Ca s’est fait sans y penser. Je n’ai jamais eu vocation à faire du documentaire, car mes influences naturelles vont plus du côté de la fiction. Ce qui me faisait un peu peur par contre, c’était la direction d’acteurs, car je n’en avais jamais vraiment fait. Je ne savais pas si je parviendrais à diriger des comédiens. Surtout qu’il y avait pas mal d’émotions à jouer. Je me demandais aussi si j’arriverais à trouver ces acteurs au Cambodge et à les amener à leur potentiel.
Et finalement, comment s’est-elle déroulée, cette direction d’acteurs ?
Ca a été beaucoup de travail. C’était absolument passionnant et j’ai adoré ça. C’était d’abord un grand plaisir de les dénicher, un prétexte pour pouvoir parler à des jeunes Cambodgiens d’une vingtaine d’années, ce que je n’avais jamais vraiment fait. Puis, pour la préparation des acteurs, on a fait les choses progressivement, en inventant nos propres techniques. Au début, je les voyais une fois par semaine, pour des choses très basiques : comment se tenir debout, se regarder, respirer… On a ensuite commencé à faire des jeux ensemble, à se parler et petit à petit, on a travaillé les émotions avec des scènes qui ne faisaient pas forcément partie du film.

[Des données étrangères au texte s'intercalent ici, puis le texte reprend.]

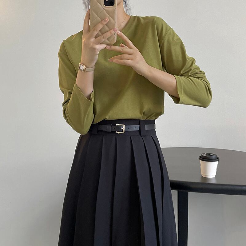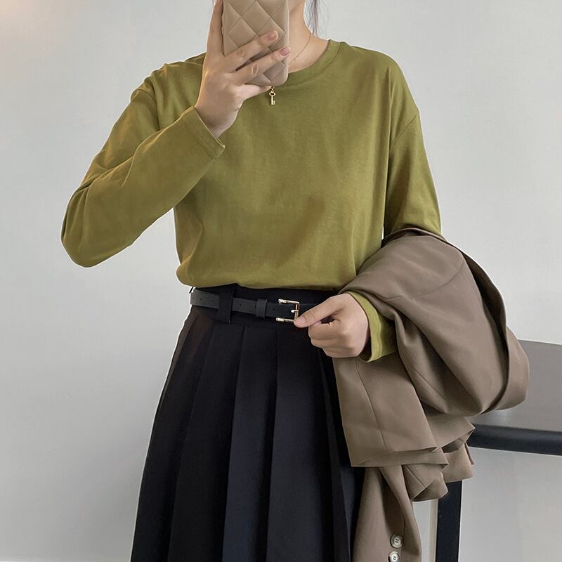 u19891 シャツ レディース 無地 入園 入学 卒園 夏秋新作 上着 トップス 長袖 ラウンドネック

On a ciselé les personnages avec des improvisations et je les ai vus devenir des acteurs, qui se prennent au jeu et se lâchent. J’étais ému et fier quand est arrivé le premier jour de tournage pour chacun d’entre eux et de voir combien ils étaient prêts. Ce travail de préparation qui avait duré trois mois n’avait pas été vain.
Aucun d’entre eux n’avait fait de cinéma auparavant ?

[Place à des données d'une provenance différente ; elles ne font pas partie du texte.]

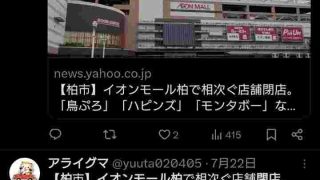 嫌儲 【緊急】「イオンモール柏」、とんでもない事になり炎上中(お前らの想像の10000000倍やぱい)

Aucun, sauf Samnang Nut qui joue Virak, le chef de la bande et qui est clown et a déjà joué au théâtre. Mais tous ont été formidables. Comme je les filmais pendant la phase de préparation, le plus dur pour eux était d’appréhender la caméra et d’oublier tout le dispositif de tournage.
Etait-ce une évidence pour vous que ce film devait se passer au Cambodge ?

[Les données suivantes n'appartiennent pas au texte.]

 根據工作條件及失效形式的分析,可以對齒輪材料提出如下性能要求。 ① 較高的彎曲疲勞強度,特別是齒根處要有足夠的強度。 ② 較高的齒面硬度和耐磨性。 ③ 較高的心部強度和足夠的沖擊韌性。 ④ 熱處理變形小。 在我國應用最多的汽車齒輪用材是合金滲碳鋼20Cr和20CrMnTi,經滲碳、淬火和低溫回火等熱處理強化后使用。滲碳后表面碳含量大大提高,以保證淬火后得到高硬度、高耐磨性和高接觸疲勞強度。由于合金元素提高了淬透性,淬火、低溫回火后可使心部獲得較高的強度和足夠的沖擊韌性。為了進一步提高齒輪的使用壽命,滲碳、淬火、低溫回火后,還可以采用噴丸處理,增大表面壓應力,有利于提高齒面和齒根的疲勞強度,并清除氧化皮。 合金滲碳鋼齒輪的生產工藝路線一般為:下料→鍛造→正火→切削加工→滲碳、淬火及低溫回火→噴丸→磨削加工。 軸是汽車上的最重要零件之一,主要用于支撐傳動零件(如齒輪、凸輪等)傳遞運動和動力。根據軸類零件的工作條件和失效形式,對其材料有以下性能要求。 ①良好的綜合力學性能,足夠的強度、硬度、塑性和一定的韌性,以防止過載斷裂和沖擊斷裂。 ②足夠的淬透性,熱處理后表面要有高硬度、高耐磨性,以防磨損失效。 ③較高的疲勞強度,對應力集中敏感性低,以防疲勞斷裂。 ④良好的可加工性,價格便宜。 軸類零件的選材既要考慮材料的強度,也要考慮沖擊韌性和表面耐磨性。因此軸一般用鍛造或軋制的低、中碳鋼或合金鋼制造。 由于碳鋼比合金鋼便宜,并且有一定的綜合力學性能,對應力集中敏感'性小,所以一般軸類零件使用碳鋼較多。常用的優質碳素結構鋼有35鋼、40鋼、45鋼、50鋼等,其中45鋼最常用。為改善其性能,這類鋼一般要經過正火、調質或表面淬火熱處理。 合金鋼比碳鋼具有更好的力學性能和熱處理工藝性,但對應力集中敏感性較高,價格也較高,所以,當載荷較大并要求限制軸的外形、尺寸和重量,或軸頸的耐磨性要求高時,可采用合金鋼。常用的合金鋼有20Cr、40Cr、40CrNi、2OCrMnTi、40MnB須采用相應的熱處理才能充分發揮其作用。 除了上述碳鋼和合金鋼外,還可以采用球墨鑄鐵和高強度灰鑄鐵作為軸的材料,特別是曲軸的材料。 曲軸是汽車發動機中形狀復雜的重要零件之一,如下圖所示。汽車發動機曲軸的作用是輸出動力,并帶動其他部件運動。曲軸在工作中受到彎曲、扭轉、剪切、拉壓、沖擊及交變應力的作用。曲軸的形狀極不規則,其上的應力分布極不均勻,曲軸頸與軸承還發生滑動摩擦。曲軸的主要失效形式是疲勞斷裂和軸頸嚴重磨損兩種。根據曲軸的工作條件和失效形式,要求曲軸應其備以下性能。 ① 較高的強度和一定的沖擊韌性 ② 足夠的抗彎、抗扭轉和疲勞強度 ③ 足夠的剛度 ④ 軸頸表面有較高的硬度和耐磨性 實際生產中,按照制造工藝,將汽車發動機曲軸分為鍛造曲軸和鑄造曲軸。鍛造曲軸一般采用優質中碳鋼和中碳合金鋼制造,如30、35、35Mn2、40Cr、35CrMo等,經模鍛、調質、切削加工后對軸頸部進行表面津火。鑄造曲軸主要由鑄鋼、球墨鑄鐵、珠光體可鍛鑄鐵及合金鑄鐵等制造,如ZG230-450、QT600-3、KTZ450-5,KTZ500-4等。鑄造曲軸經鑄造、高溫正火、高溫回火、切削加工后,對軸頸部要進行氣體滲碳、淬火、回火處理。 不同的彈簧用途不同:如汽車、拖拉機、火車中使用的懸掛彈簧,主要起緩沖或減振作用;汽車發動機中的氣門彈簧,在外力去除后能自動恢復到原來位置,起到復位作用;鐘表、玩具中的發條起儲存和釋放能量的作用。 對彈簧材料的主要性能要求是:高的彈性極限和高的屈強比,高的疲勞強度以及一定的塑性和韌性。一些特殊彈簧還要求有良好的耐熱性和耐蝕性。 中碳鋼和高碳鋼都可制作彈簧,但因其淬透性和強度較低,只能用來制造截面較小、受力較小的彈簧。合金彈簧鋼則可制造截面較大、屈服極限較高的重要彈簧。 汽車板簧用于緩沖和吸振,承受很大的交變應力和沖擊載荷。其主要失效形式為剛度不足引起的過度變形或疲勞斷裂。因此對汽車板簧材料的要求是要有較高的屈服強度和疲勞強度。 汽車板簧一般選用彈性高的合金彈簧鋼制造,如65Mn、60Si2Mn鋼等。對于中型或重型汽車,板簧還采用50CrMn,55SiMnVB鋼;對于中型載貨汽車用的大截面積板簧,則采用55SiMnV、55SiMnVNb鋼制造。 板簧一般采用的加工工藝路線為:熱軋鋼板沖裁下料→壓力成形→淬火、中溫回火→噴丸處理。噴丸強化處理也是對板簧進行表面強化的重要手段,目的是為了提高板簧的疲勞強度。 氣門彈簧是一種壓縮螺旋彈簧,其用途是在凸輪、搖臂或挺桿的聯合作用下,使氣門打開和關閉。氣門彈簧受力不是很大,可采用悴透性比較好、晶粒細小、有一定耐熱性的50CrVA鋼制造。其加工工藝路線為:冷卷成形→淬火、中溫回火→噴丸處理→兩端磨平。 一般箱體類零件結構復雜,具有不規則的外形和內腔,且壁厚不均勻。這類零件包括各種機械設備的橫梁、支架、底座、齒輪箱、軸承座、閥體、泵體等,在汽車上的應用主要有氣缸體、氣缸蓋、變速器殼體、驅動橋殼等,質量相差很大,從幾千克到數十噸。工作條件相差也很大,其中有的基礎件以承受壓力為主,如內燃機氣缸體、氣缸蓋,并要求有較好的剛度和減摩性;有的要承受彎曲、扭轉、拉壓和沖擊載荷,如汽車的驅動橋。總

Je voulais prolonger la jeunesse que j’avais vue pendant mon documentaire, Le Sommeil d’or. Je voulais montrer le Cambodge d’aujourd’hui et dans ce lieu précis qui cristallise toute la relation ambiguë et parfois cruelle, entre la jeunesse et l’attraction de la modernisation.
Que vouliez-vous vraiment raconter avec Diamond Island ?
Il y a deux choses principales. Tout d’abord, un regard que j’ai souvent observé en allant au Cambodge et qui m’a tellement interpellé que j’ai voulu en faire un film pour essayer de comprendre d’où il venait, ce qu’il racontait et ce qui le lançait. C’est le regard que les jeunes jettent sur leur environnement en transformation, quel qu’il soit et où on lit de l’émerveillement. C’est la « Spielberg’s face », à savoir ce moment de sidération qui l’emporte, avec la faculté constante de trouver de l’émerveillement. Les jeunes sont comme ça là-bas, fascinés par des objets qui chez nous ne provoqueraient pas grand-chose. J’ai donc voulu creuser cette idée : qu’est-ce qui fait qu’un jeune de 18 ans, qui vient de la campagne et qui découvre Diamond Island avec sa démesure kitsh et factice, porte sur lui un tel regard d’attraction et d’innocence. La seconde chose, c’est de faire un récit qui montre comment l’ambition peut devenir un démon, quel est le prix à payer pour l’accomplissement de ses rêves, ce qu’on laisse sur le bas-côté de la route, les sacrifices qu’on doit opérer. Je vois ça aussi comme une métaphore du capitalisme. La volonté d’expansion n’est jamais satisfaite et détruit des choses sur son passage. C’est un peu le parcours du personnage de Bora.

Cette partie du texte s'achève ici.